Set down all of the data exactly. Pictures stay out of the copy.

++++++++++++++++++++

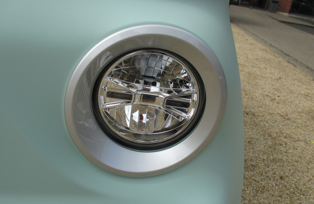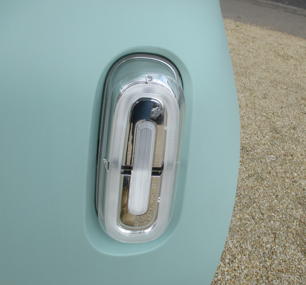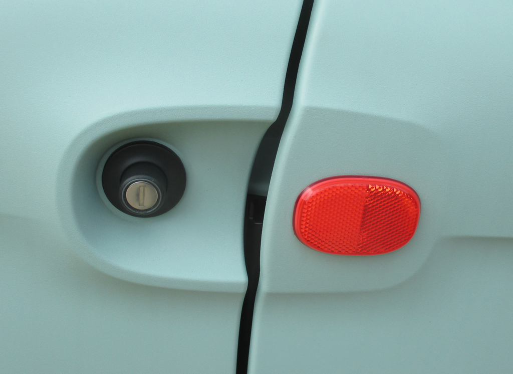 Vorn sind kleine Rundscheinwerfer verbaut. Per Druckknopf geht’s ins Innere.
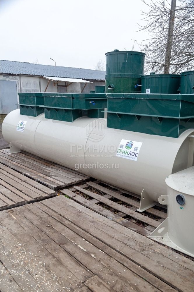ГРИНЛОС Профи 15 — станция биологической очистки с залповым сбросом 950 л и производительностью 3.4 м3/сутки, что позволяет устанавливать септик на территории, где количество постоянно проживающих не превышает 17 человек.
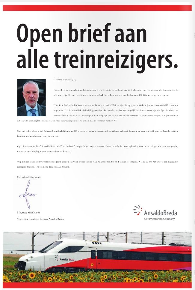 In een open brief in de ochtendbladen roept AnsaldoBreda, de bouwer van de Fyra-hogesnelheidstreinen, de NS op om weer te…
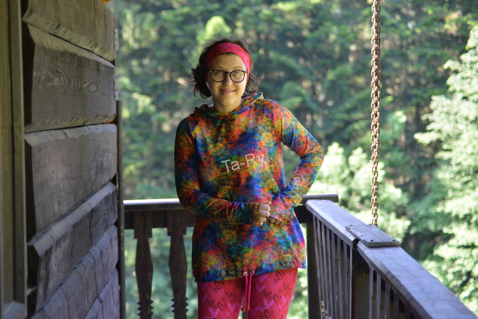 Dámská originální barevná a veselá....Je ušita z úpletu - úplně ideální na léto jako lehká mikča, nebo v průběhu roku jako triko s kapucí....
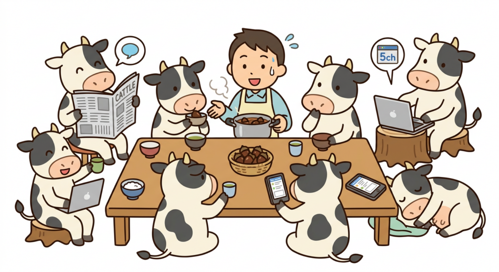 5chの「cattle」スレッドをまとめた記事。牛AAが織りなす日常、心温まる交流、まさかのどんぐり甘露煮失敗談、そして伝説のAA職人降臨まで、癒やしとカオスが詰まったスレッドの魅力をお届けします。
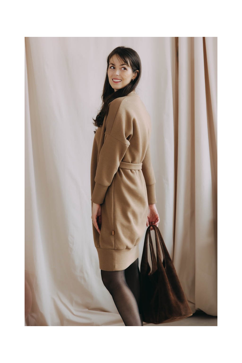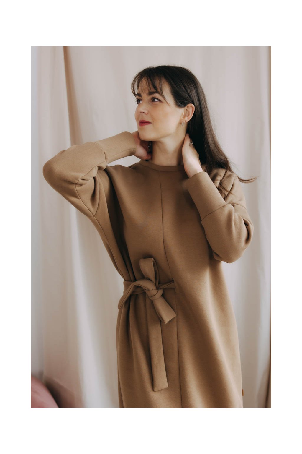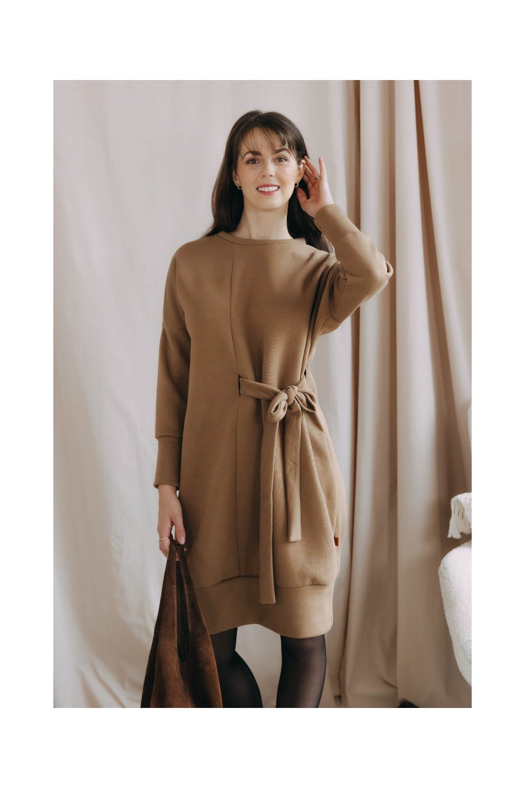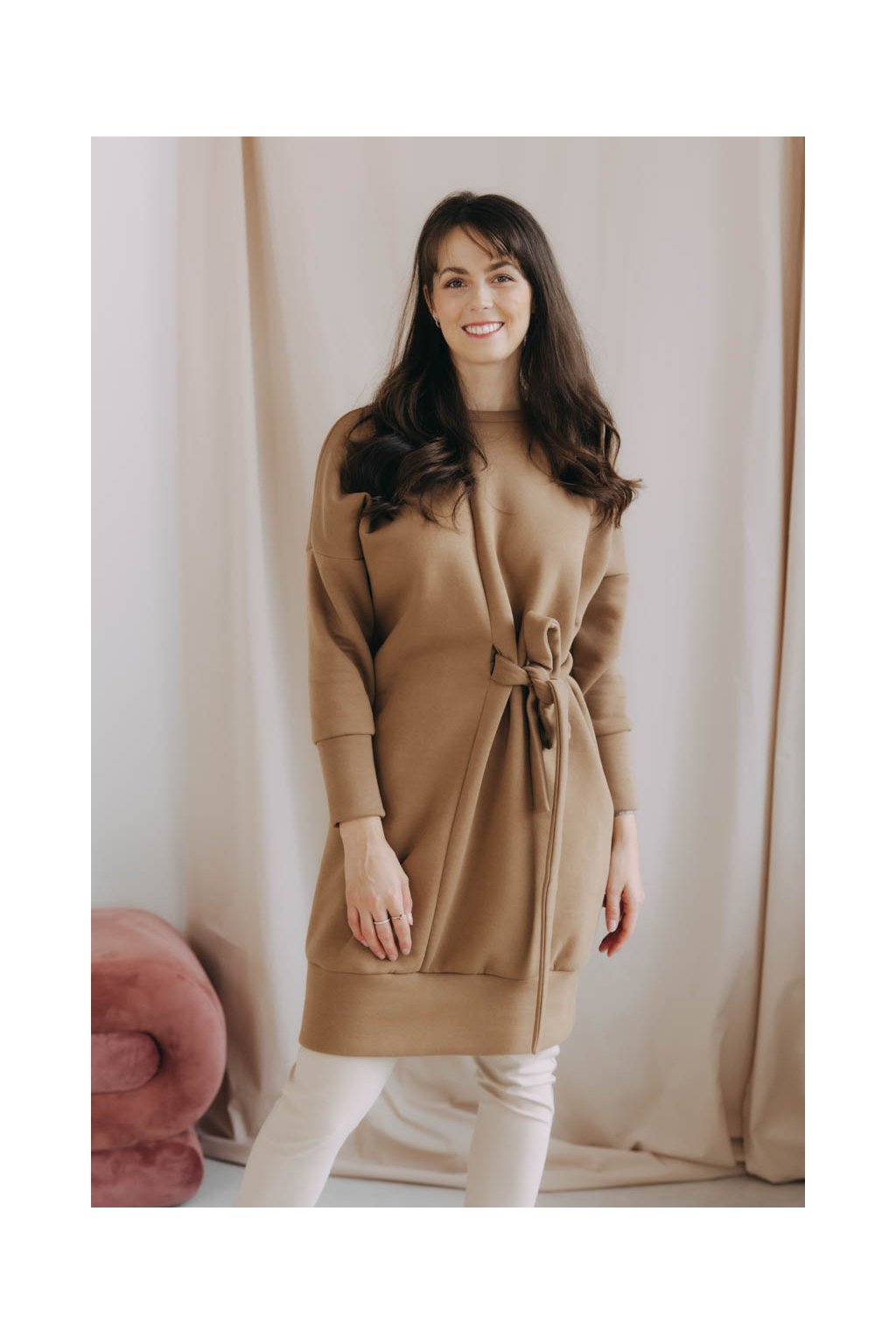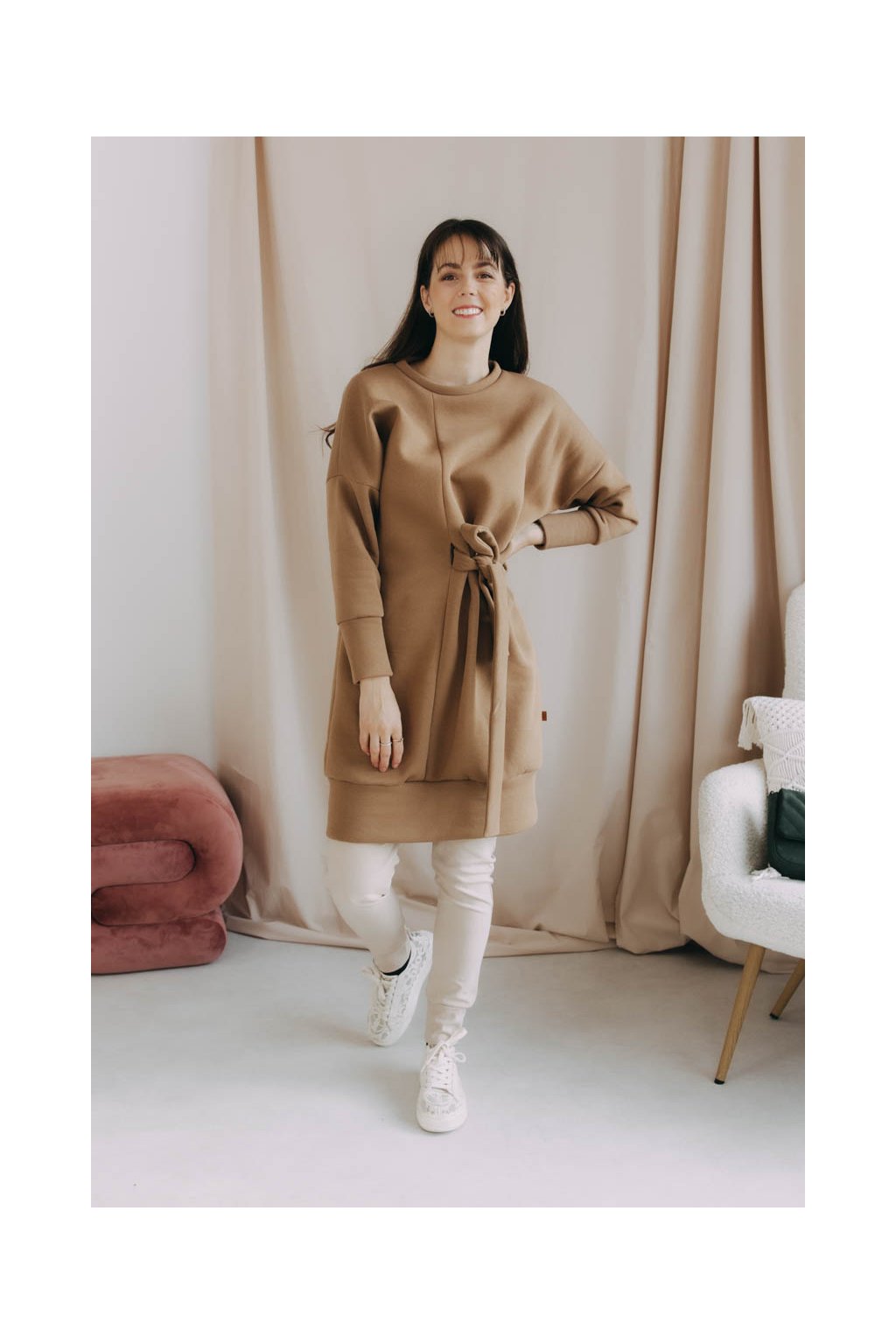 Mikinové šaty Enam jsou jasným důkazem toho, jak pohodlí sluší. Nejenže se v nich cítíte jako v bavlnce (aby ne, když vás hřeje prémiová počesaná bavlna), ale taky velmi žensky. A to i přesto, že jsou volnějšího střihu a la mikča. Na přední straně je totiž zdobí nápaditý pásek ze stejného materiálu, provlečený na dvou místech tak, že díky němu vytvoříte opravdu efektní dojem.
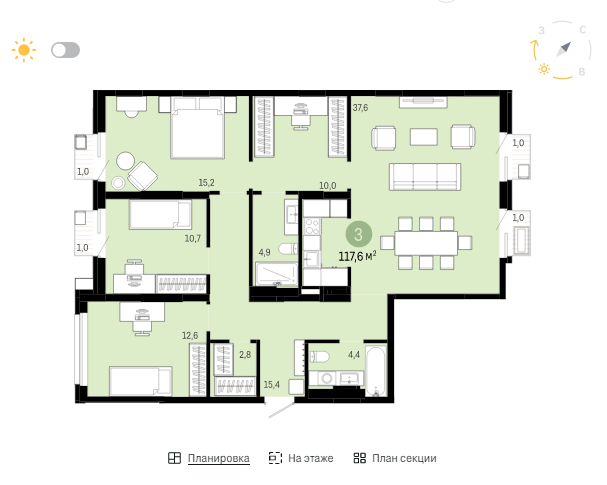 Предлагаю Вам отличную трёхкомнатную квартиру, которую с лёгкостью можно перепланировать под четырёхкомнатную. Панорамные окна в пол заливают комнаты светом, утром со стороны кухни-гостиной наступает рассвет, а днём спальни также освещены естественным светом, несмотря на то, что окна выходят во двор. В коридоре продумана гардеробная и большой санузел.
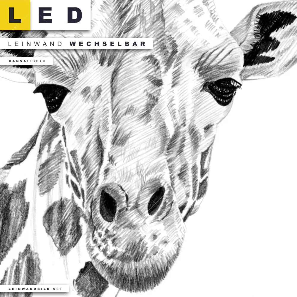 Du konfigurierst Dein individuelles LED Leinwandbild Canvalight® TEX | Bleistiftzeichnung Giraffe | Panorama und wir produzieren es NEU für Dich. Unsere Tierwelt LED Bilder mit wechselbarer Textil-Leinwand sind KEINE Lagerware. Du bist Dir unsicher, welches Motiv oder Format das richtige für dein individuelles Canvalight® Leuchtbild ist, dann helfen wir dir gerne weiter und beraten dich!
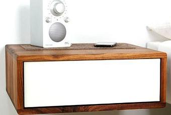 Una mesita de noche sobre la pared es perfecta para una habitación pequeña. El espacio abierto bajo la mesita permite agrandar visualmente el espacio, y también puedes utilizarlo para guardar zapatos y libros.
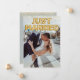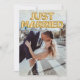 Ce faire-part de mariage personnalisé est doté d'un design photo personnalisé amusant et romantique. L'expression "Just Married" est imprimée sur le dessus en ballons en feuille d'or. Un exemple de photo d'une mariée et d'un marié couvre l'arrière - plan que vous pouvez personnaliser pour inclure votre propre photo personnalisée du couple marié, ou une autre image de votre choix. Les confettis de parties scintillant d'or accentuent les parties supérieure et inférieure. Un exemple de message de faire-part mariage est imprimé au verso.
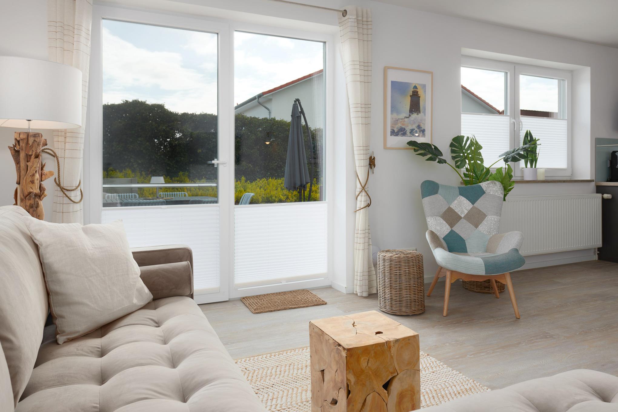 Die stilvolle Ferienwohnung überzeugt mit einem modernen Wohnbereich, der mit gemütlicher Sitzgruppe und großem Flatscreen-TV zum Entspannen einlädt. Von hier aus gelangen Sie direkt auf die sonnige Terrasse, die nach Süd-Ost ausgerichtet ist und mit Gartenmöbeln und einem Strandkorb zum Frühstück im Freien oder entspannten Stunden am Abend einlädt. Auch Grillen ist hier erlaubt. Die offene Küche ist voll ausgestattet und bietet neben einem Backofen, Induktionsherd, Geschirrspülmaschine und Kühlschrank auch eine Mikrowelle, Kaffeemaschine und Toaster – ideal für die Selbstversorgung im Urlaub. Im Essbereich finden alle Gäste bequem Platz. Zwei separate Schlafzimmer, jeweils mit komfortablen Doppelbetten ausgestattet, sorgen für erholsame Nächte. Das Badezimmer bietet eine bodengleiche Dusche, WC, Haartrockner, Kosmetikspiegel sowie einen beheizbaren Handtuchhalter und lässt keine Wünsche offen.

++++++++++++++++++++

* EXPECTED ANSWER *
 Vorn sind kleine Rundscheinwerfer verbaut. Per Druckknopf geht’s ins Innere.
ГРИНЛОС Профи 15 — станция биологической очистки с залповым сбросом 950 л и производительностью 3.4 м3/сутки, что позволяет устанавливать септик на территории, где количество постоянно проживающих не превышает 17 человек.
 In een open brief in de ochtendbladen roept AnsaldoBreda, de bouwer van de Fyra-hogesnelheidstreinen, de NS op om weer te…
 Dámská originální barevná a veselá....Je ušita z úpletu - úplně ideální na léto jako lehká mikča, nebo v průběhu roku jako triko s kapucí....
 5chの「cattle」スレッドをまとめた記事。牛AAが織りなす日常、心温まる交流、まさかのどんぐり甘露煮失敗談、そして伝説のAA職人降臨まで、癒やしとカオスが詰まったスレッドの魅力をお届けします。
 Mikinové šaty Enam jsou jasným důkazem toho, jak pohodlí sluší. Nejenže se v nich cítíte jako v bavlnce (aby ne, když vás hřeje prémiová počesaná bavlna), ale taky velmi žensky. A to i přesto, že jsou volnějšího střihu a la mikča. Na přední straně je totiž zdobí nápaditý pásek ze stejného materiálu, provlečený na dvou místech tak, že díky němu vytvoříte opravdu efektní dojem.
 Предлагаю Вам отличную трёхкомнатную квартиру, которую с лёгкостью можно перепланировать под четырёхкомнатную. Панорамные окна в пол заливают комнаты светом, утром со стороны кухни-гостиной наступает рассвет, а днём спальни также освещены естественным светом, несмотря на то, что окна выходят во двор. В коридоре продумана гардеробная и большой санузел.
 Du konfigurierst Dein individuelles LED Leinwandbild Canvalight® TEX | Bleistiftzeichnung Giraffe | Panorama und wir produzieren es NEU für Dich. Unsere Tierwelt LED Bilder mit wechselbarer Textil-Leinwand sind KEINE Lagerware. Du bist Dir unsicher, welches Motiv oder Format das richtige für dein individuelles Canvalight® Leuchtbild ist, dann helfen wir dir gerne weiter und beraten dich!
 Una mesita de noche sobre la pared es perfecta para una habitación pequeña. El espacio abierto bajo la mesita permite agrandar visualmente el espacio, y también puedes utilizarlo para guardar zapatos y libros.
 Ce faire-part de mariage personnalisé est doté d'un design photo personnalisé amusant et romantique. L'expression "Just Married" est imprimée sur le dessus en ballons en feuille d'or. Un exemple de photo d'une mariée et d'un marié couvre l'arrière - plan que vous pouvez personnaliser pour inclure votre propre photo personnalisée du couple marié, ou une autre image de votre choix. Les confettis de parties scintillant d'or accentuent les parties supérieure et inférieure. Un exemple de message de faire-part mariage est imprimé au verso.
 Die stilvolle Ferienwohnung überzeugt mit einem modernen Wohnbereich, der mit gemütlicher Sitzgruppe und großem Flatscreen-TV zum Entspannen einlädt. Von hier aus gelangen Sie direkt auf die sonnige Terrasse, die nach Süd-Ost ausgerichtet ist und mit Gartenmöbeln und einem Strandkorb zum Frühstück im Freien oder entspannten Stunden am Abend einlädt. Auch Grillen ist hier erlaubt. Die offene Küche ist voll ausgestattet und bietet neben einem Backofen, Induktionsherd, Geschirrspülmaschine und Kühlschrank auch eine Mikrowelle, Kaffeemaschine und Toaster – ideal für die Selbstversorgung im Urlaub. Im Essbereich finden alle Gäste bequem Platz. Zwei separate Schlafzimmer, jeweils mit komfortablen Doppelbetten ausgestattet, sorgen für erholsame Nächte. Das Badezimmer bietet eine bodengleiche Dusche, WC, Haartrockner, Kosmetikspiegel sowie einen beheizbaren Handtuchhalter und lässt keine Wünsche offen.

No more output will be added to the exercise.